I have them. They work really well. I, though, have switched over to Beetle Jail Jrs. 

Problems with AJ's:
1. Top comes off really easy when pulling from between frames. If you're using oil, get ready for spilling.
2. Top comes off when placing between the frames. Same result as above.

Beetle Jail Jr. advantages:
1. Top is hindged and has a hook that hangs the trap onto the frame. 
2. Bottom is flat.
3. Can see if to see how full it is. 
4. Way cheaper, especially if you order them straight from the company. They're even cheaper if you order them by the dozen. 
5. Great to work with. I ordered another dozen recently and they accidently sent me only 11. Sent me 2 more for my troubles.


----------



## max2 (Dec 24, 2009)

theriverhawk said:


> I have them.
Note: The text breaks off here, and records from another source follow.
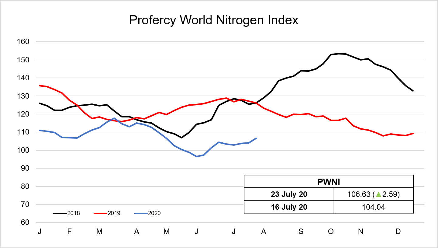 The Profercy World Nitrogen Index has increased by 2.59 points to 106.63 this week, buoyed by strong price gains in the urea market.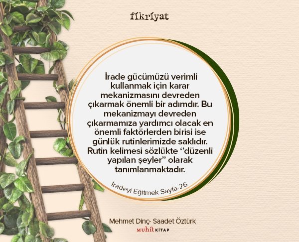"İrade gücümüzü verimli kullanmak için karar mekanizmasını devreden çıkarmak önemli bir adımdır. Bu mekanizmayı devreden çıkarmamıza yardımcı olacak en önemli faktörlerden birisi ise günlük rutinlerimizde saklıdır. Rutin kelimesi sözlükte ''düzenli yapılan şeyler'' olarak tanımlanmaktadır."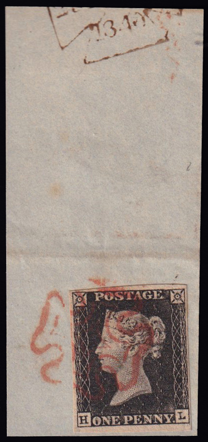 233 F imageQUEEN VICTORIA 1d.. Plate 1a, letters HL, used on piece with red Maltese cross cancellation. Four wide margins. Very fine. (Image)
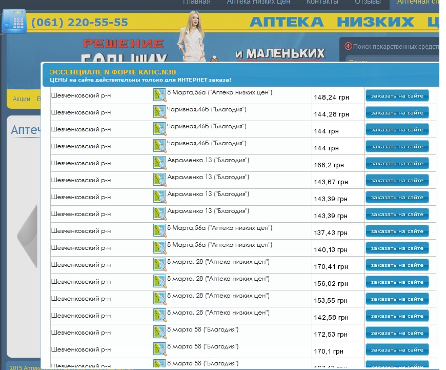 Аврора писал(а): Так и набирать, аптека низких цен? Ну да Вот сайт: ссылки на форуме запрещеныТут выбираете свой город ,а дальше уже вбиваете в поиск лекарство необходимое (открывается длинный список аптек Вашего города) и Вы уже смотрите ,где выгоднее сделать заказ (важно ,что делая заказ, забирать будете его именно в той аптеке,которую выбрали по цене).А вот доставкой аптеки на дом я не пользовалась и не знаю платно это или бесплатно даже.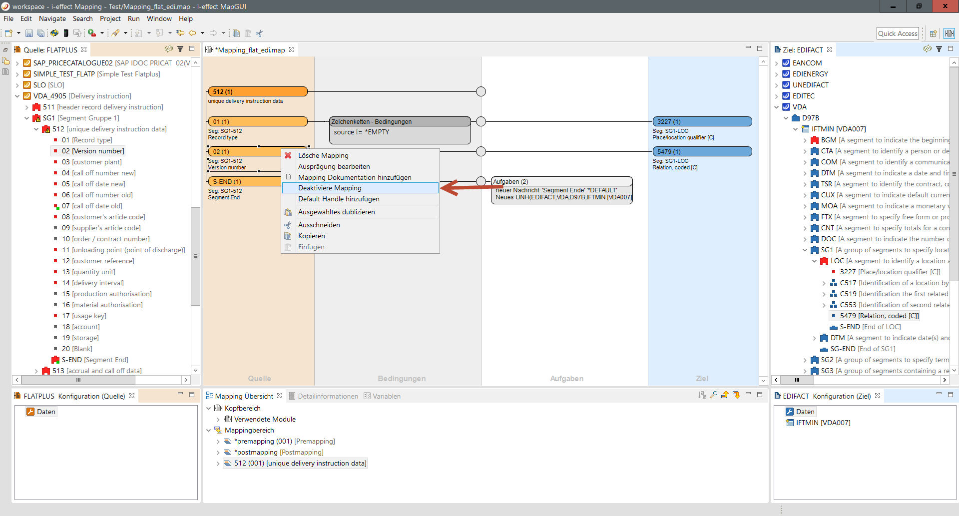 Innerhalb von einer Gruppe können einzelne Mappings, die im realen Mapping-Prozess keine Berücksichtigung finden, deaktiviert werden. Ein Mapping wird über sein Quellelement deaktiviert und reaktiviert. Mit einem Rechtsklick auf dem Quellelement kann aus dem erscheinenden Kontextmenü der Punkt Deaktiviere Mapping ausgewählt werden.

They work really well. I, though, have switched over to Beetle Jail Jrs.
> 
> Problems with AJ's:
> 1. Top comes off really easy when pulling from between frames. If you're using oil, get ready for spilling.
> ...


They where invented in Ausralia so are easy to get them here.
Don't use oil - use DE.
Use the hook on your hive tool to lift the trap from below. I don't think I ever spilled anything.


----------



## Slow Modem (Oct 6, 2011)

max2 said:


> They where invented in Ausralia so are easy to get them here.
> Don't use oil - use DE.


Diatomaceous earth? That's an interesting idea.


----------



## max2 (Dec 24, 2009)

Slow Modem said:


> Diatomaceous earth? That's an interesting idea.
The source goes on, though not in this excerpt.